▶ _What to produce_: Begin with the opening line of the records and extract each line through the one holding "Aumentano a 201, quest’anno, le"; pictures are not part of the copy.

═══ Stored data ═══

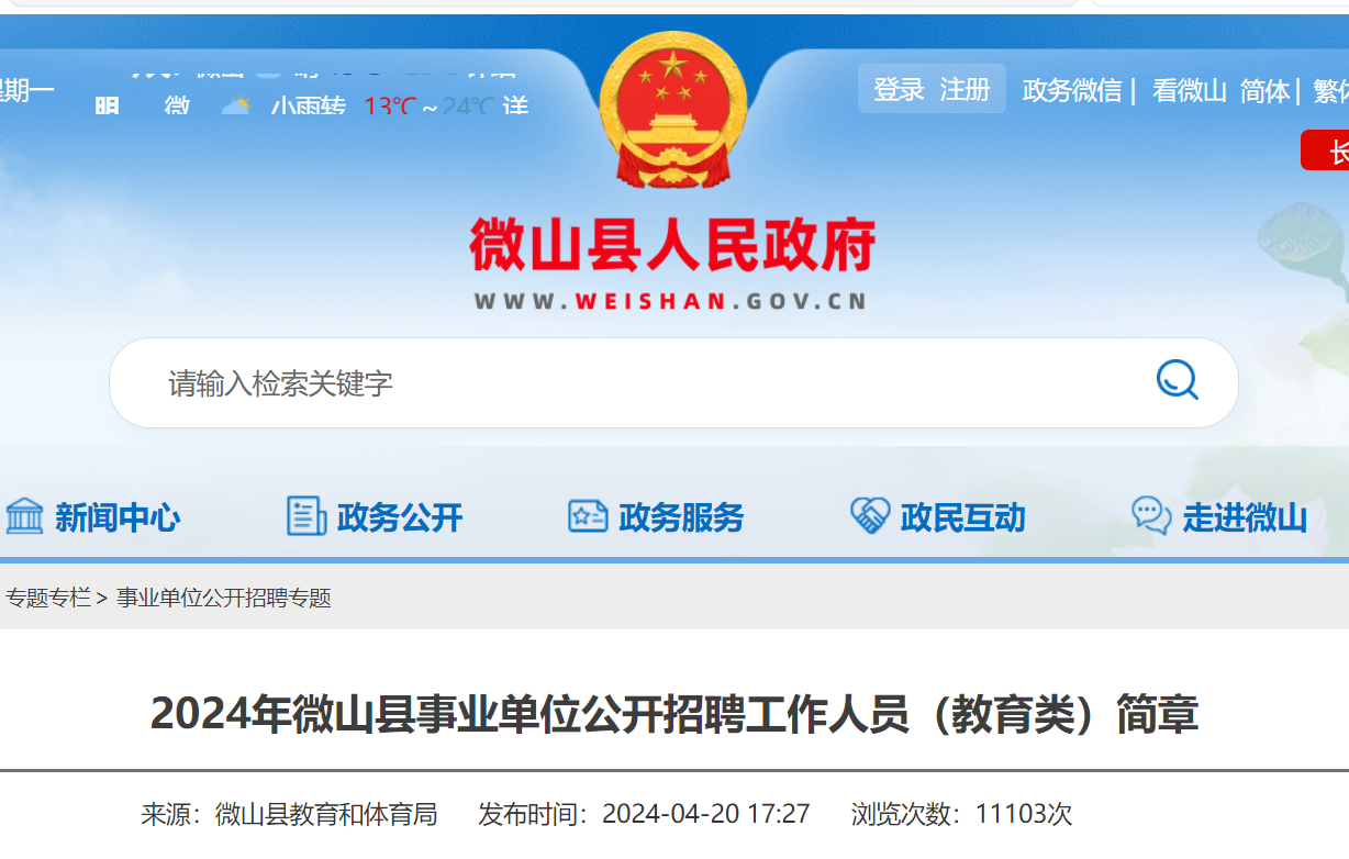 2024年山東濟寧微山縣事業(yè)單位公開招聘工作人員(教育類)簡章已發(fā)布,報名時間:2024年4月25日9:00—4月28日16:00?,F(xiàn)將招聘公告原文發(fā)布如下:
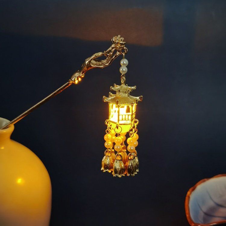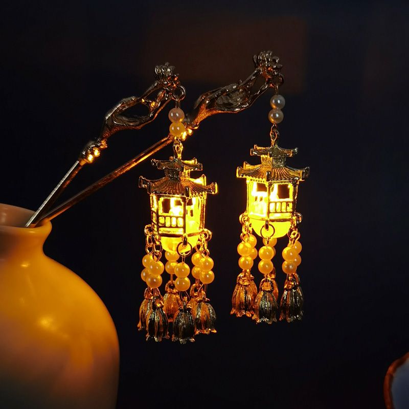 古风汉服发饰灯笼流苏发簪古风宫廷发光簪子头饰品唐风配饰
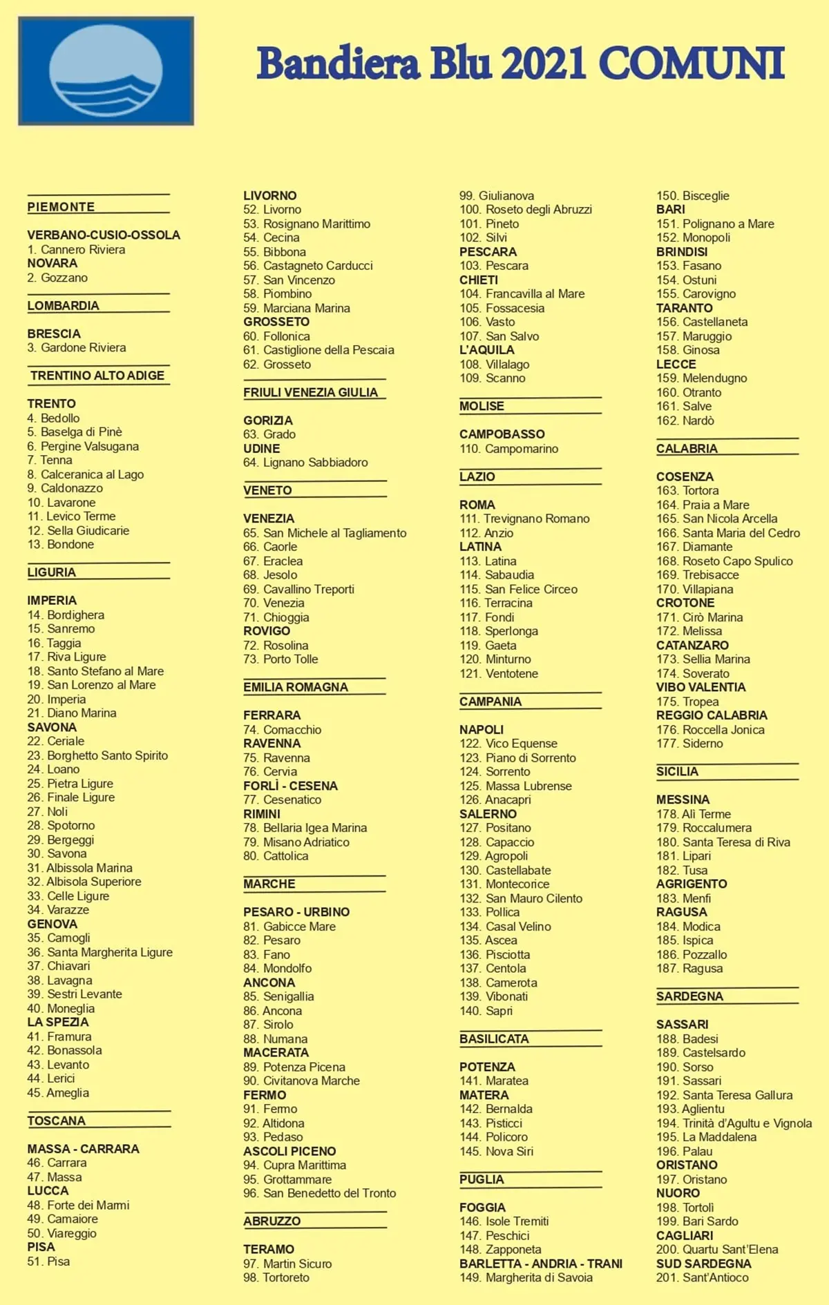Aumentano a 201, quest’anno, le località rivierasche (dalle 195 del 2020) che assieme a 81 porti turistici (erano 75 l’anno scorso) potranno fregiarsi della Bandiera Blu 2021, il riconoscimento della Fee.
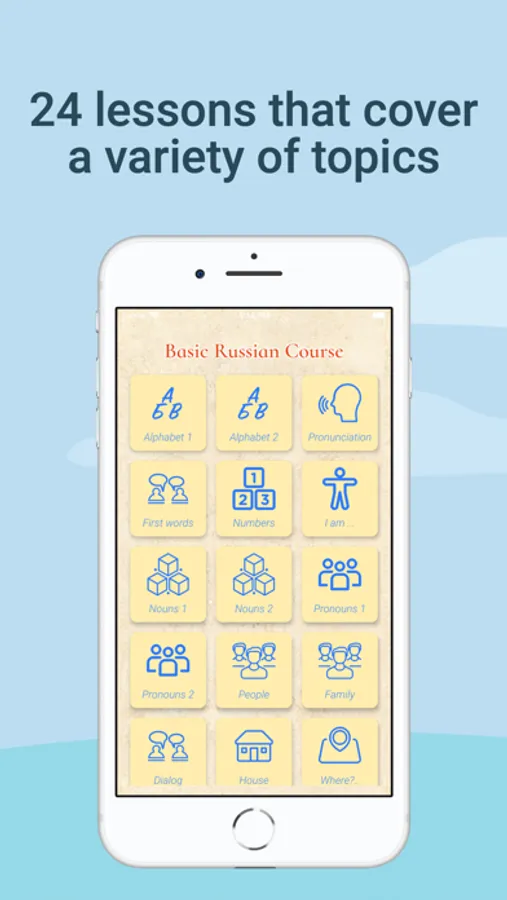 A basic course of Russian language. There are 24 lessons that cover many topics: from Russian alphabet to simple words and phrases to complicated grammar rules. The following parts of speech are covered: nouns, pronouns, verbs, adjectives, adverbs.
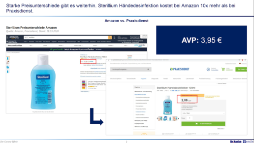 Am drastischsten waren die Preissprünge demnach bei Amazon. Sterillium kostete mit knapp 20 Euro fast das Zehnfache dessen, was Ärzte beim Anbieter Praxisdienst zahlen. Trotzdem war das Angebot nach zwei Tagen ausverkauft.
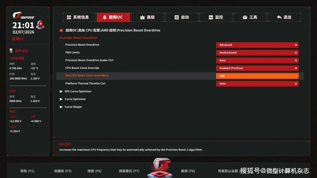 ▲普通用户可以在BIOS首页将主板工作模式设置为“精准增压超频模式”即打开PBO,这也是最常见的工作模式。
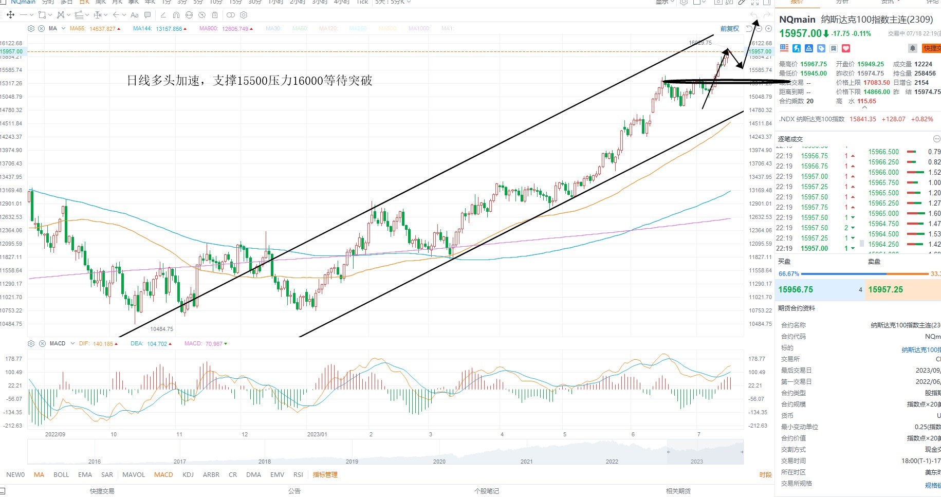 纳斯达克指数继续走高,短期新高之后有望继续加速,基本面上风偏继续走高,加息压力继续放缓,且不排除年内停止加息的可能性,叠加美债收益率继续下滑,支撑风险资产走强,日线级别回踩低吸,下方支撑15500附近,上方压力16000,突破则打开上行空间,需要注意的是目前属于加速阶段,追涨存在一定风险,低吸为主
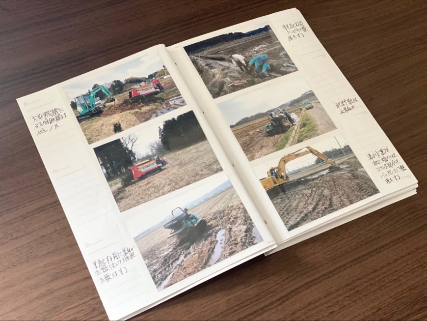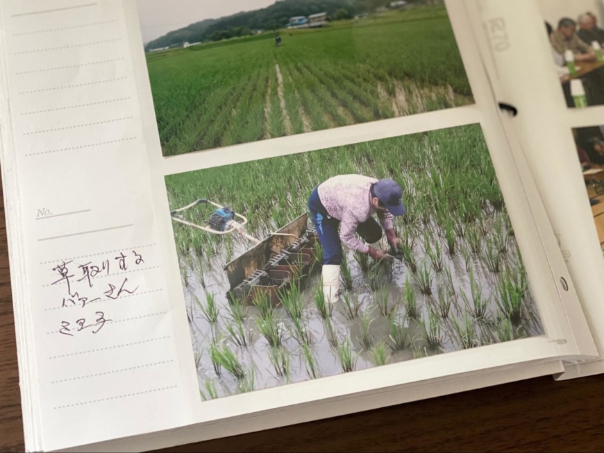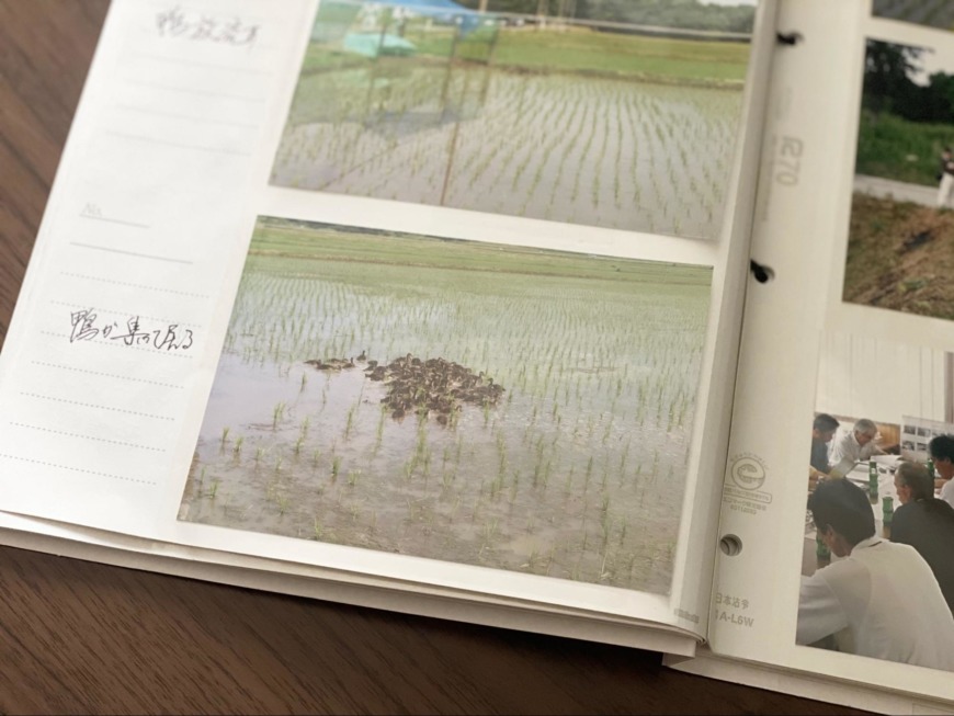 実際の作業の様子を撮影した写真をまとめたファイルを見せてくれました。田植え後は田んぼ毎に(先程ほどお話した)各農法で成育させます。
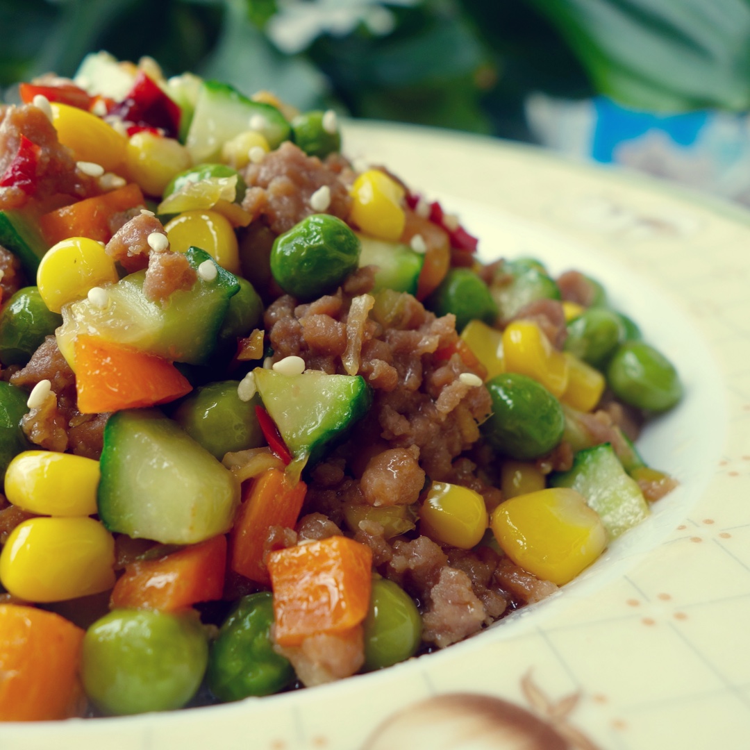 肉末彩丁!就喜爱这样的红红绿绿的搭配😋
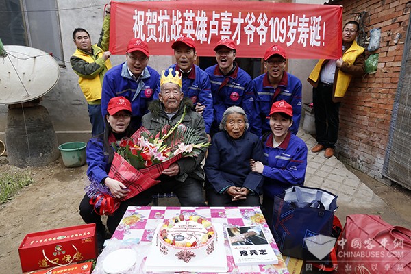 2016年11月6日,是河南年纪最大的抗战老兵卢喜才109岁生日。宇通公司志愿者携带蛋糕、牛奶、棉被等物资驱车200多公里前往濮阳市南乐县为老人贺寿,令老人深深感动。
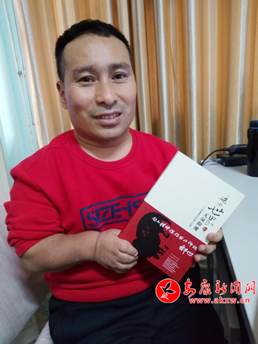 雖然被禁錮在矮小的身軀中,但殘疾作家王庭德從未放棄對(duì)詩和遠(yuǎn)方的追求。從起步的短篇《跋涉的生命》,到歷時(shí)兩年完成19.7萬字的長篇自傳體紀(jì)實(shí)文學(xué)《這個(gè)世界無須仰視》和詩集《心靈的燈盞》,腦海中的數(shù)萬文字傾瀉,書寫出王庭德自強(qiáng)不息的奮斗人生。

═══

▶ _Reply to the exercise_:
 2024年山東濟寧微山縣事業(yè)單位公開招聘工作人員(教育類)簡章已發(fā)布,報名時間:2024年4月25日9:00—4月28日16:00?,F(xiàn)將招聘公告原文發(fā)布如下:
 古风汉服发饰灯笼流苏发簪古风宫廷发光簪子头饰品唐风配饰
Aumentano a 201, quest’anno, le località rivierasche (dalle 195 del 2020) che assieme a 81 porti turistici (erano 75 l’anno scorso) potranno fregiarsi della Bandiera Blu 2021, il riconoscimento della Fee.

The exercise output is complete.